↓

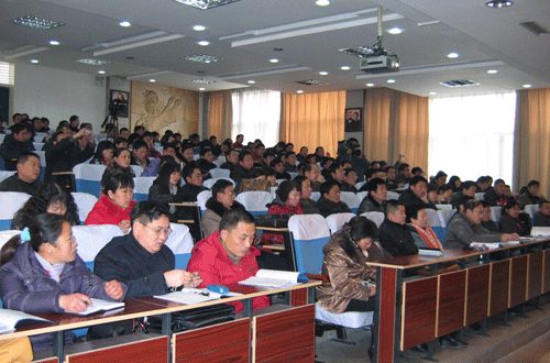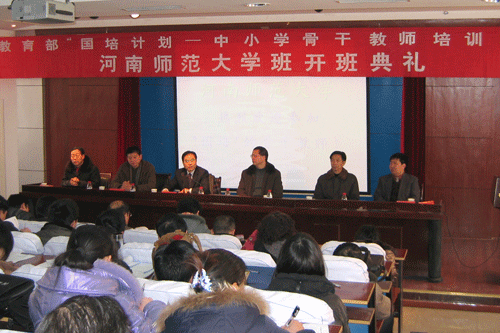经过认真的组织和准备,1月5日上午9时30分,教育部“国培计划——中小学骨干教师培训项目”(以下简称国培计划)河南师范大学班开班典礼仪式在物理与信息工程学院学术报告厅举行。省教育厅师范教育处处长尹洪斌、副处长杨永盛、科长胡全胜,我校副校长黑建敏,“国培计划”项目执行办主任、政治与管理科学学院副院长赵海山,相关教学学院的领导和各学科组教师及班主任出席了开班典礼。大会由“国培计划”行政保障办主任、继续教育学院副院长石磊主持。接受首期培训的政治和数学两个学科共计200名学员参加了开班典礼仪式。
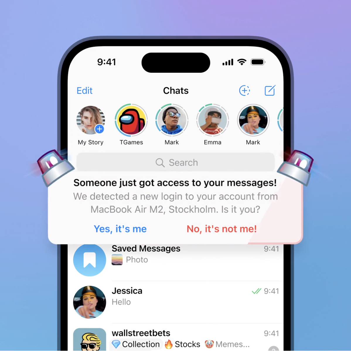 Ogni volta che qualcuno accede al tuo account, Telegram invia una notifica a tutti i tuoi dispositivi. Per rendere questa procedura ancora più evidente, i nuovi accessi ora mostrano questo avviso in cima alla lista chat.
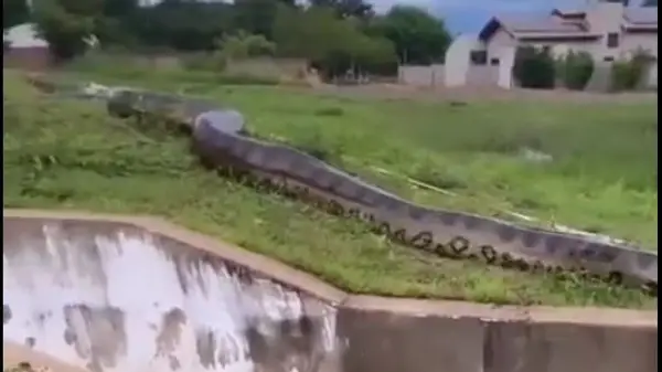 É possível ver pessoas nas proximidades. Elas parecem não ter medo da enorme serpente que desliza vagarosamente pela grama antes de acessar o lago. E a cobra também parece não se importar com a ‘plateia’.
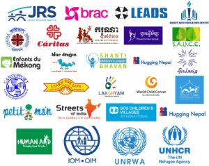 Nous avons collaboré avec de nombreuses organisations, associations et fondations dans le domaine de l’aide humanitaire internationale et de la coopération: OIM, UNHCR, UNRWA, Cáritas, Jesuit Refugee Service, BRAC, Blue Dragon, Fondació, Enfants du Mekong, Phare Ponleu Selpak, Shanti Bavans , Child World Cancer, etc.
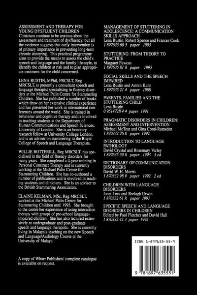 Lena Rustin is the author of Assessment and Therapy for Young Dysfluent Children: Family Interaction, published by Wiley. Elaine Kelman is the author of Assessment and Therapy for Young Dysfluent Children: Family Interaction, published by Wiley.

↑

Required work ::
Could you copy exactly, and with no pictures, the lines above from the one containing "Nous avons collaboré" through the last line, both included?

Response below ::
 Nous avons collaboré avec de nombreuses organisations, associations et fondations dans le domaine de l’aide humanitaire internationale et de la coopération: OIM, UNHCR, UNRWA, Cáritas, Jesuit Refugee Service, BRAC, Blue Dragon, Fondació, Enfants du Mekong, Phare Ponleu Selpak, Shanti Bavans , Child World Cancer, etc.
 Lena Rustin is the author of Assessment and Therapy for Young Dysfluent Children: Family Interaction, published by Wiley. Elaine Kelman is the author of Assessment and Therapy for Young Dysfluent Children: Family Interaction, published by Wiley.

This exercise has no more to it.